In practice it may happen that a first-try econometric model is not appropriate because it violates one or more of the key assumptions that are needed to obtain valid results. In case there is something wrong with the variables, such as measurement error or strong collinearity, we may better modify the estimation method or change the model. In the present chapter we deal with endogeneity, which can, for example, be caused by measurement error, and which implies that one or more regressors are correlated with the unknown error term. This is of course not immediately visible because the errors are not known beforehand and are estimated jointly with the unknown parameters. Endogeneity can thus happen when a regressor is measured with error, and, as we see, when the data are aggregated at too low a frequency. Another issue is called multicollinearity, in which it is difficult to disentangle (the statistical significance of) the separate effects. This certainly holds for levels and squares of the same variable. Finally, we deal with the interpretation of model outcomes.

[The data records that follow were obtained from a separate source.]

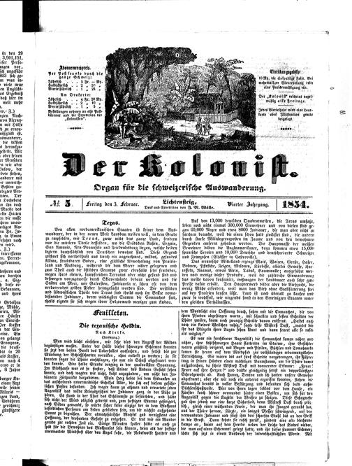 Der Kolonist : Organ zum Schutze, Beistand und Belehrung schweizerischer Auswanderer
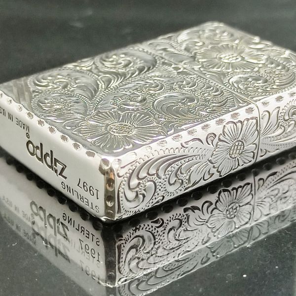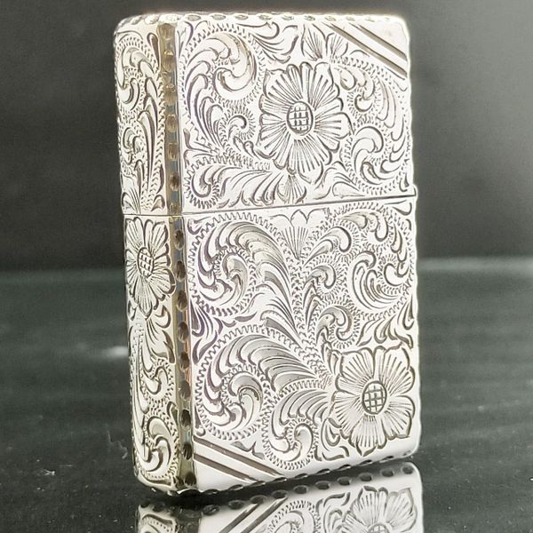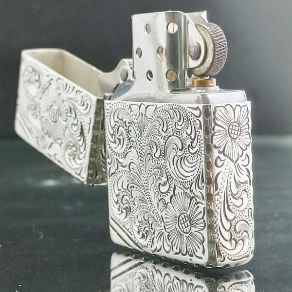 Bật Lửa Zippo Bạc đúc Nguyên Khối Sterling Khắc Thủ Công Sủi Tay Hoa ...
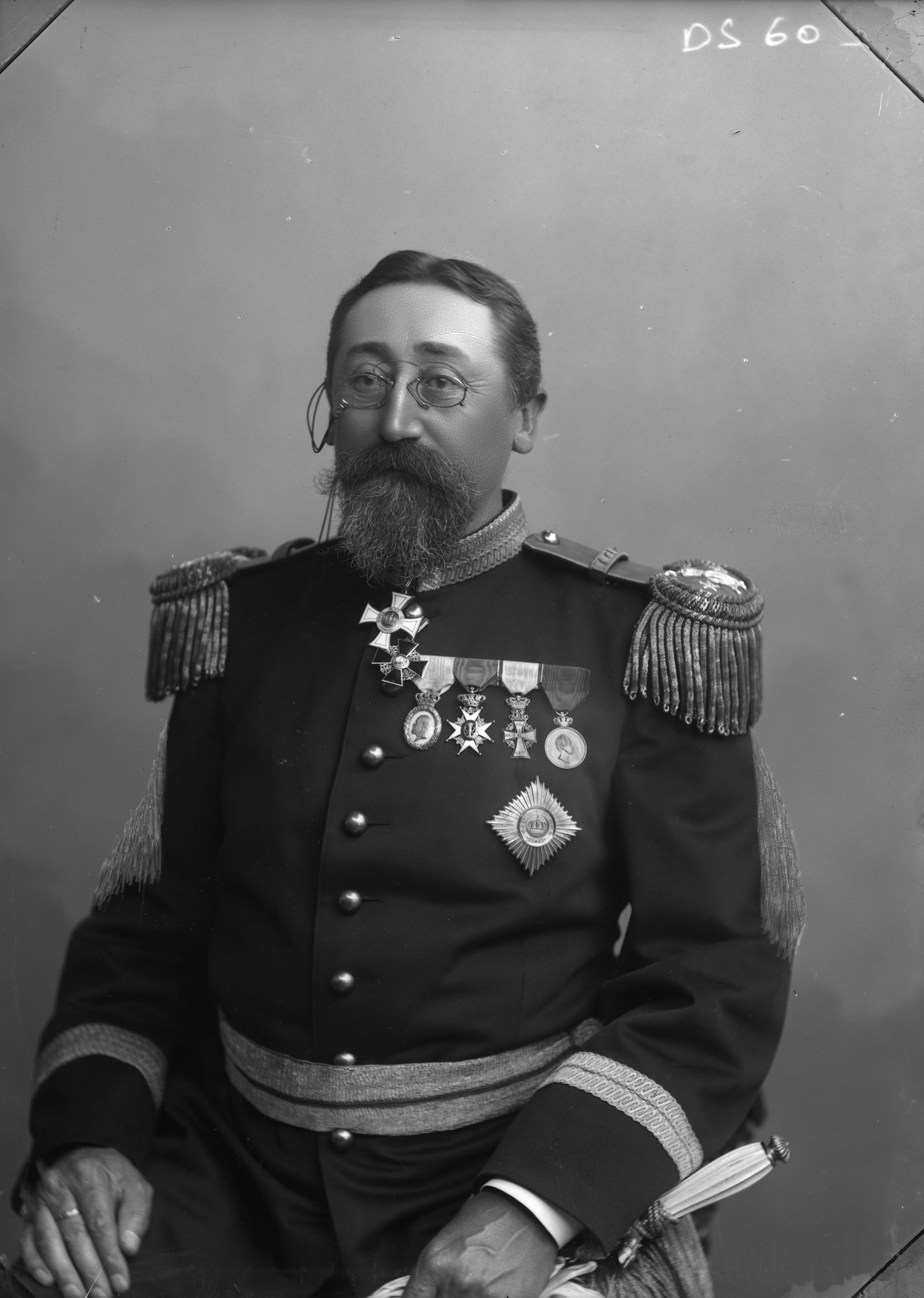 Beskrivning: Porträtt av äldre militär.
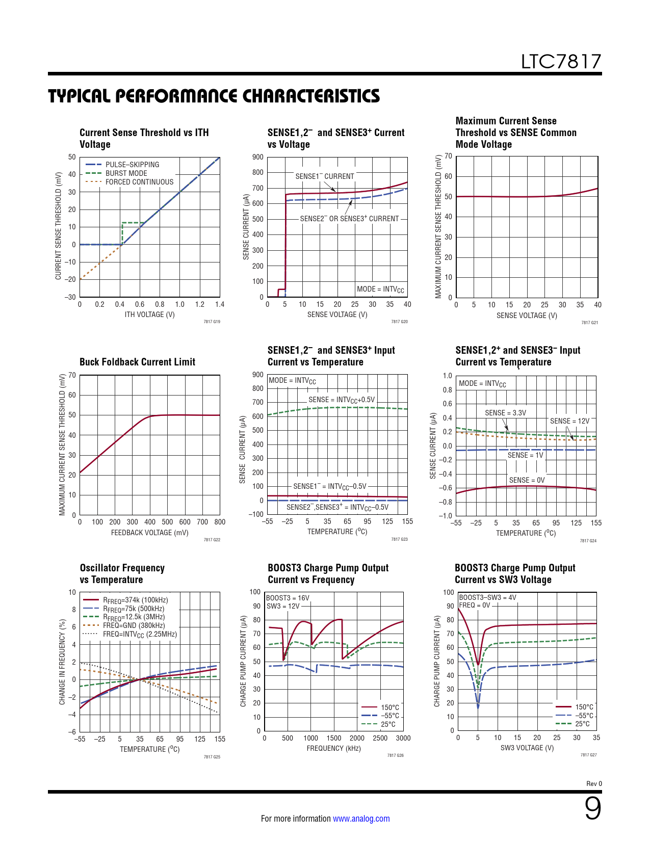 10 100 100 R BOOST3 = 16V BOOST3–SW3 = 4V FREQ=374k (100kHz) 8 R 90 SW3 = 12V 90 FREQ = 0V FREQ=75k (500kHz) RFREQ=12.5k (3MHz) 80 80 6 FREQ=GND (380kHz) FREQ=INTVCC (2.25MHz) 70 70 4 60 60 2 50 50 0 40 40 30 30 –2 CHANGE IN FREQUENCY (%) CHARGE PUMP CURRENT (μA) 20 150°C CHARGE PUMP CURRENT (μA) 20 150°C –4 10 –55°C 10 –55°C 25°C 25°C –6 0 0 –55 –25 5 35 65 95 125 155 0 500 1000 1500 2000 2500 3000 0 5 10 15 20 25 30 35 TEMPERATURE (oC) FREQUENCY (kHz) SW3 VOLTAGE (V) 7817 G25 7817 G26 7817 G27 Rev 0 For more information www.analog.com 9 Document Outline Features Applications Typical Application Description Absolute Maximum Ratings Order Information Pin Configuration Electrical Characteristics Typical Performance Characteristics Pin Functions Functional Diagram Operation Applications Information Typical Applications Typical Application Related Parts
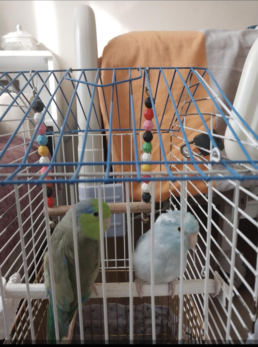 Çift forpus papağanı damızlık ikiside 11 aylık kafesiyle birlikte ful set suluklu yemlikli yavrulamaya müsait

This chapter opens with some quotes and insights on megaprojects. We turn to the construction and the use of prediction intervals in a time series context. We see that depending on the choice of the number of unit roots (stochastic trends) or the sample size (when does the sample start?), we can compute a wide range of prediction intervals. Next, we see that those trends, and breaks in levels and breaks in trend, can yield a wide variety of forecasts. Again, we reiterate that maintaining a variety of models and outcomes is useful, and that an equal-weighted combination of results can be most appropriate. Indeed, any specific choice leads to a different outcome. Finally, we discuss for a simple first-order autoregression how you can see what the limits to predictability are. We see that these limits are closer than we may think at the onset.
This chapter uses a range of quotes and findings from the internet and the literature. The key premises of this chapter, which is illustrated with examples, are as follows. First, Big Data requires the use of algorithms. Second, algorithms can create misleading information. Third, algorithms can lead to destructive outcomes. But we should not forget that humans program algorithms. With Big Data come algorithms to run many and involved computations. We cannot oversee all these data ourselves, so we need the help of algorithms to make computations for us. We might label these algorithms as Artificial Intelligence, but this might suggest that they can do things on their own. They can run massive computations, but they need to be fed with data. And this feeding is usually done by us, by humans, and we also choose the algorithms to be used.